Appendix C: Flux matrices used by GEOCLIM

Figure C1 shows the default flux matrix W that was used in previous GEOCLIM versions and the one computed from IPSL-CM5A2 pre-industrial climate fields with the method presented in the article (Sect. 3.2 and Appendix B). The “historical” flux matrix significantly underestimated the horizontal exchanges between coastal and open-ocean boxes and did not represent the connection between coastal boxes and high-latitude ones. When estimated from IPSL-CM5A2 fields, the horizontal exchanges between southern high latitudes and midlatitudes also appears to be larger than “historical” exchanges. The deepwater formation estimated from IPSL-CM5A2 is 10.3 Sv in northern high latitudes and 8.9 Sv in southern high latitudes, which is consistent with the intensity diagnosed from IPSL-CM5A2 simulations (Sepulchre et al., 2020) though somewhat smaller for the southern high latitudes. This underestimation is likely due to the summing of upward and downward velocities within the area of definition of GEOCLIM boxes #8 and 9.

Figure C1 Flux matrices W representing oceanic circulation between GEOCLIM boxes in pre-industrial default nine-box GEOCLIM configuration. Fluxes are oriented from column i to line j. The numbering of boxes is the default GEOCLIM one (#1–2: N Hemisphere high latitudes (surface and deep), #3–4–5: midlatitude (surface, intermediate, and deep), #6–7: coastal oceans (surface and deep), #8–9: S Hemisphere high latitudes). However, the positions of the box pairs (6, 7) and (8, 9) have been swapped in the figure to better illustrate the distinction between “open-ocean” and “coastal” boxes.

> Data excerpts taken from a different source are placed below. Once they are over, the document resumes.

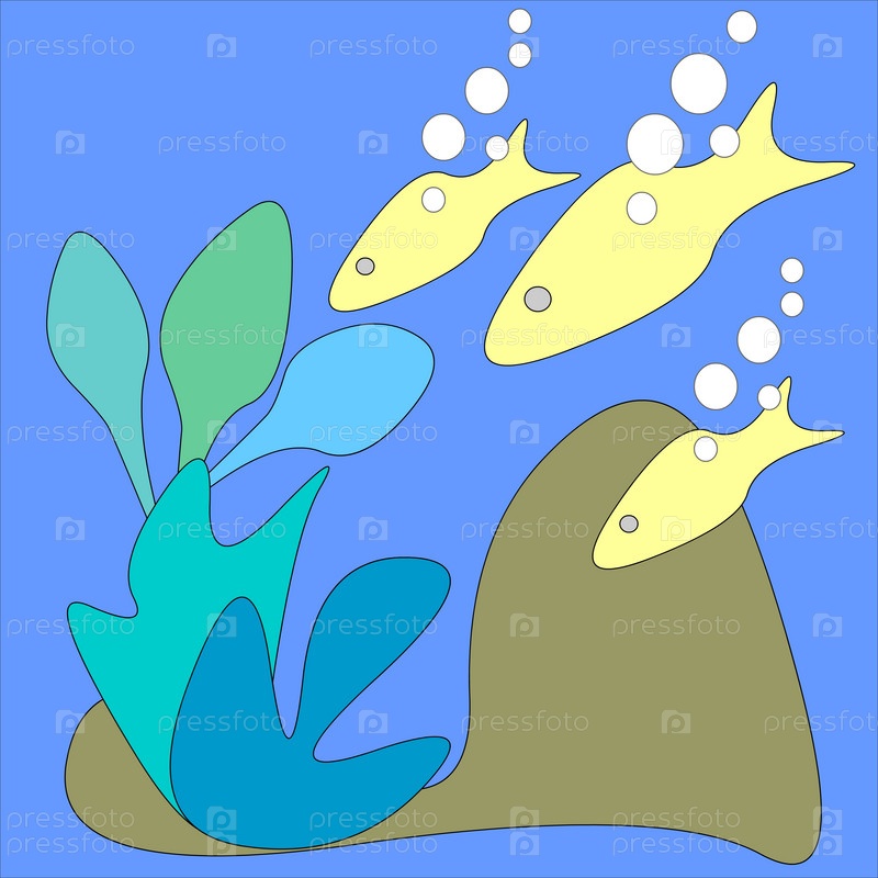 Рыбы и морские растения на голубом фоне
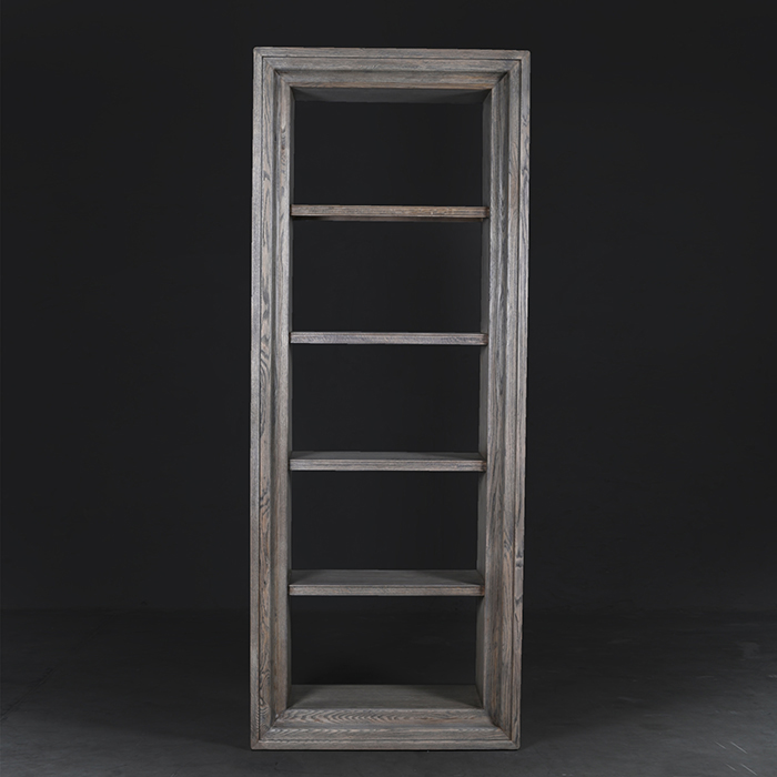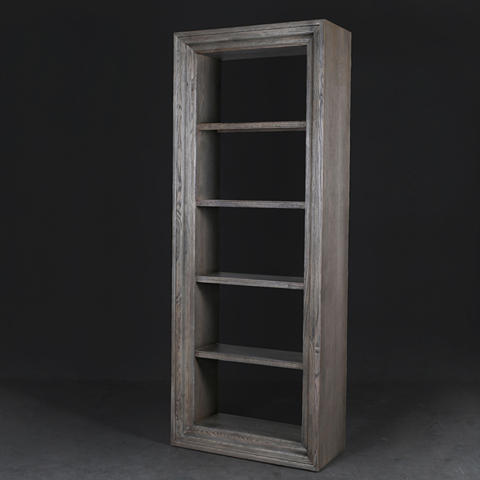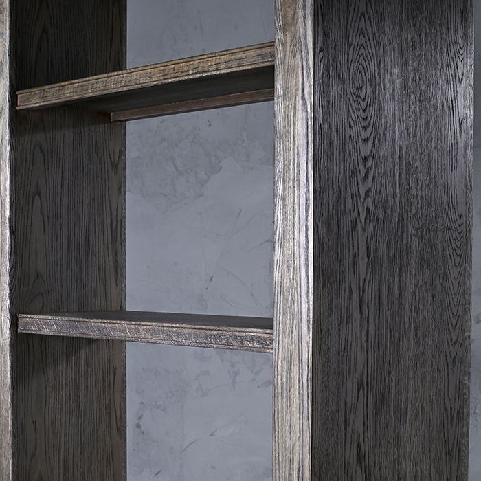 Estantería reversible con estructura de roble rojo y enchapada en roble con terminación avellana.
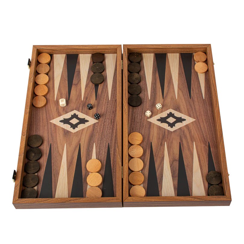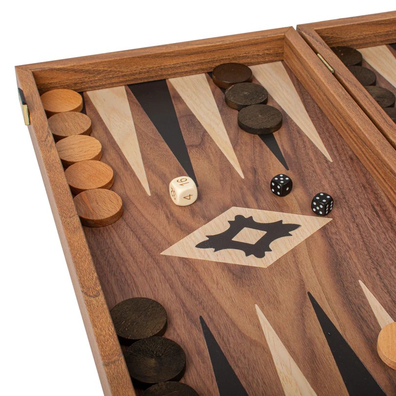 Το σετ τάβλι σε χρώμα καρυδιάς διαθέτει μια τυπωμένη (όχι ένθετη) επιφάνεια παιχνιδιού που αναδεικνύει ένα όμορφο σχέδιο με τα νερά του ξύλου. Οι μαύρες και δρύινες μύτες σε αντίθεση προσφέρουν μια εντυπωσιακή οπτική ελκυστικότητα, βελτιώνοντας τόσο την εμφάνιση όσο και την παιχνιδιάρικη εμφάνιση του ταμπλό.
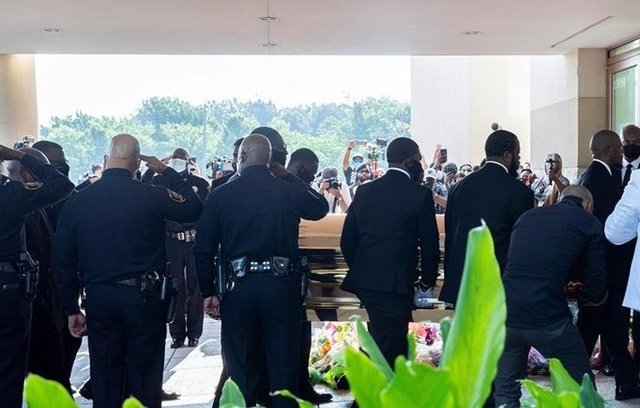 Các cảnh sát Mỹ đứng thành hai hàng và giơ tay chào, thể hiện sự kính trọng, khi linh cữu của George Floyd được đưa vào nhà thờ tại Houston.
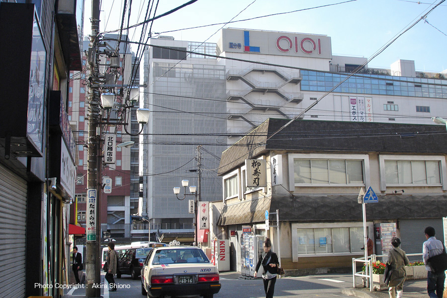 上のイラストは、2013年の再開発開始前の北口周辺のマップです。この頃は所々の土地買収が始まるものの用地買収はは未だ途中の段階です。国分寺駅北口正面のパチンコ店の左脇の路地の左側と、一時駐輪場で利用されていた場所が空いています。また、北口大通り側では、トップを切って矢島商店(八百よっちゃん)が用地を売却しましたがその後数十年、様々な環境・経済の変化によって停滞してしまいました。そのなかでも再開発用地の中心にあったのが、国分寺百貨店(後のバザールK)です。昭和30年代創業の歴史あるお店も、老朽化でバザールKとして形を変えていました。しかし再開発の用地として姿を消してしまいました。 再開発前の街並 2009年 トップへ
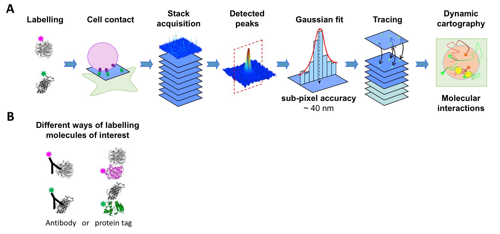 Single molecule tracking (SMT) is a powerful approach to investigate molecular dynamics in live cells, at the plasma membrane, in the cytosol, or in the nucleus (Figure 1A). Noteworthy, determining the position of a single fluorescent molecule at sub-resolution accuracy can be achieved using a two-dimensional (2D) Gaussian fit, provided there is a sufficient signal-to-noise ratio. We typically achieve ~40 nm lateral accuracy for living cell images (Sergé et al., 2008). Labeling and monitoring two molecular species by dual-color SMT allows for the comparison of their dynamic state and kinetic interactions in situ. Single molecule labeling can be done classically with fluorescently coupled antibodies (either primary alone, or primary and secondary), Fab fragments, and nanobodies, or by fluorescent proteins, such as GFP and its variants (in other colors or photoactivatable for instance). Additionally, protein tags such as HaloTag, SnapTag, and ClipTag, with their bright and stable fluorescent ligands, may also be utilized (Figure 1B). Each approach has its advantages and limitations, notably in terms of stoichiometry, steric hindrance, brilliance, and photostability (Achimovich, Ai and Gahlmann, 2019; Jacquemet et al., 2020; Lemon and McDole, 2020; Petazzi, Aji and Chiantia, 2020). There are already several SMT algorithms available, each of which vary in performance due to critical issues, such as signal-to-noise ratio and probe density (Manzo and Garcia-Parajo, 2015).
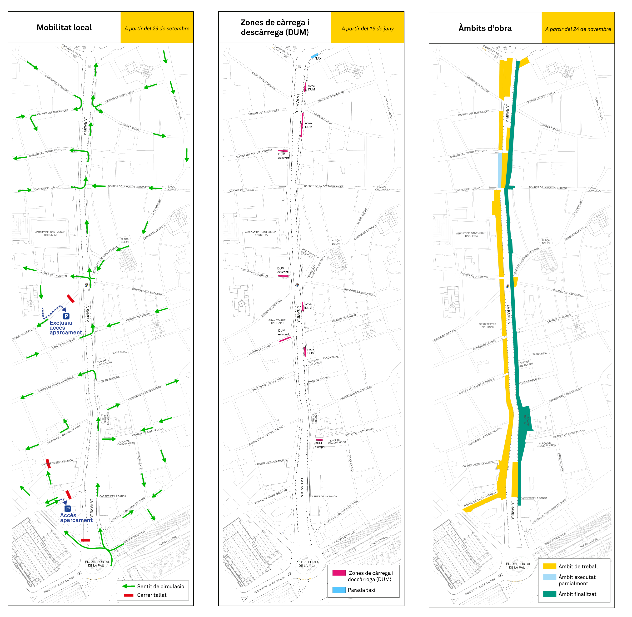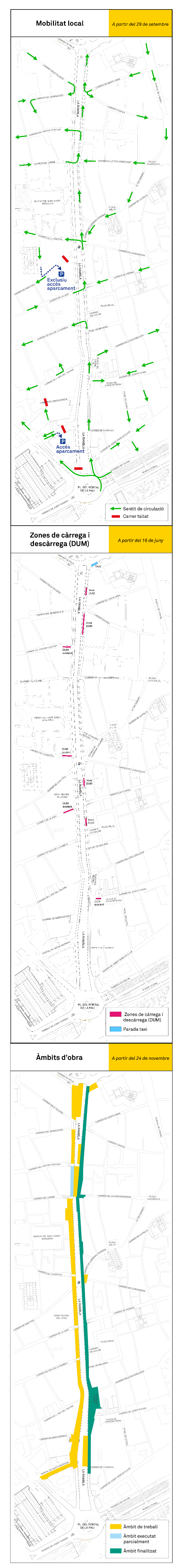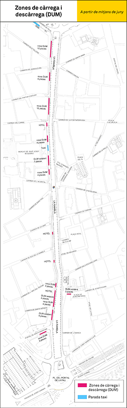 The new loading and unloading areas in La Rambla are indicated in Map 2. Loading and unloading within these neighbourhoods will remain unchanged.
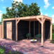 Tuinhuis met overkapping Douglas hout Zweeds rabat onbehandeld zwart 545 x 255 cm
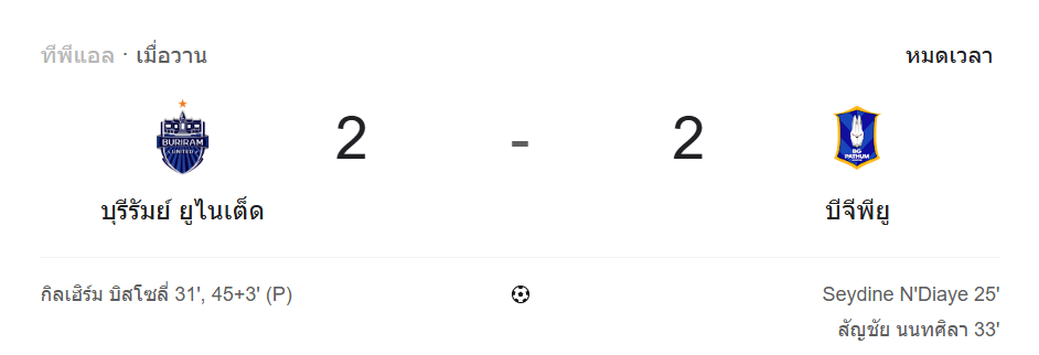 จาก : ผลบอลสด ไทยลีก ระหว่าง บุรีรัมย์ ยูไนเต็ด 2-2 บีจี ปทุม ยูไนเต็ด วันนี้ 5/10/68 – บ้านกีฬา
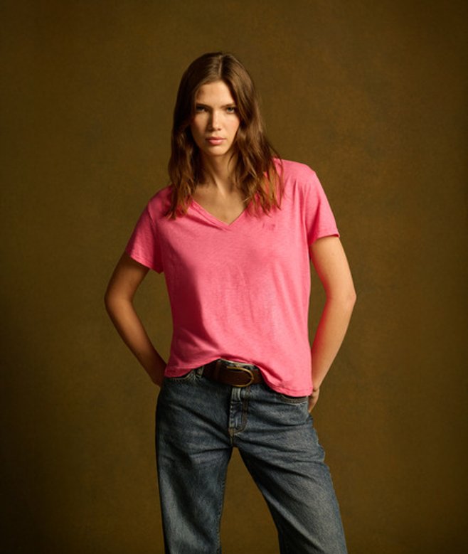 Go for your normal size V-Neck Short sleeves with unfinished hems Embroidered logo Back seam Signature Superdry logo badge
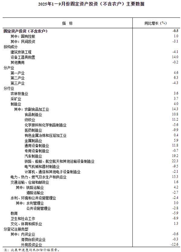 财经10月20日讯 据****网站消息,2025年1—9月份,**固定资产投资(不含农户371535亿元,同比下降0.5%(按可比口径计算,详见附注7。其中,民间固定资产投资同比下降3.1%。从环比看,9月份固定资产投资(不含农户下降0.07%。

Appendix D: Fourier analysis of oceanic oxygen time series in GEOCLIM Turonian experiment

This Appendix presents the Fourier transform analysis of the experiments presented in Sect. 4 (more specifically, Sect. 4.5). We computed the Fourier transforms of the 95–85 Ma time series of the three orbital parameters (Fig. D1a–c) and of the Arctic and North Atlantic open-ocean oxygen concentration of the corresponding GEOCLIM experiment (Fig. D1d–i). For all time series, the time average was removed before computing the fast Fourier transform. To identify the contribution of the three orbital parameters in the oxygen time series, we simply selected non-overlapping frequency ranges (colored in Fig. D1) and looked at the peaks within those frequency ranges in the oxygen Fourier transform.

Figure D1 Amplitude spectrum of the Fourier transforms of the 95–85 Ma time series of orbital parameters and of open-ocean oceanic oxygen concentration from the 95–85 Ma GEOCLIM transient simulation (see Sect. 4.5). (a) Eccentricity, (b) cosine of precession angle ω, (c) obliquity, (d) O₂ in the surface (0–100 m) Arctic, (e) O₂ in the intermediate (100–900 m) Arctic, and (f) O₂ in the deep (900 m–bottom) Arctic; (g–i) same as (d–f) for the North Atlantic. Small encapsulated panels are close-ups of the 0–0.02 kyr⁻¹ frequency range for the corresponding bigger panels. Minor ticks on the “period” axis are every 1 kyr up to 20 kyr, every 10 kyr up to 100 kyr (200 kyr in the close-up panel), and every 100 kyr from 200 kyr to 1 Myr in the close-up panel. The non-overlapping frequency ranges associated with each orbital parameter are colored in red (eccentricity), violet (precession), and green (obliquity).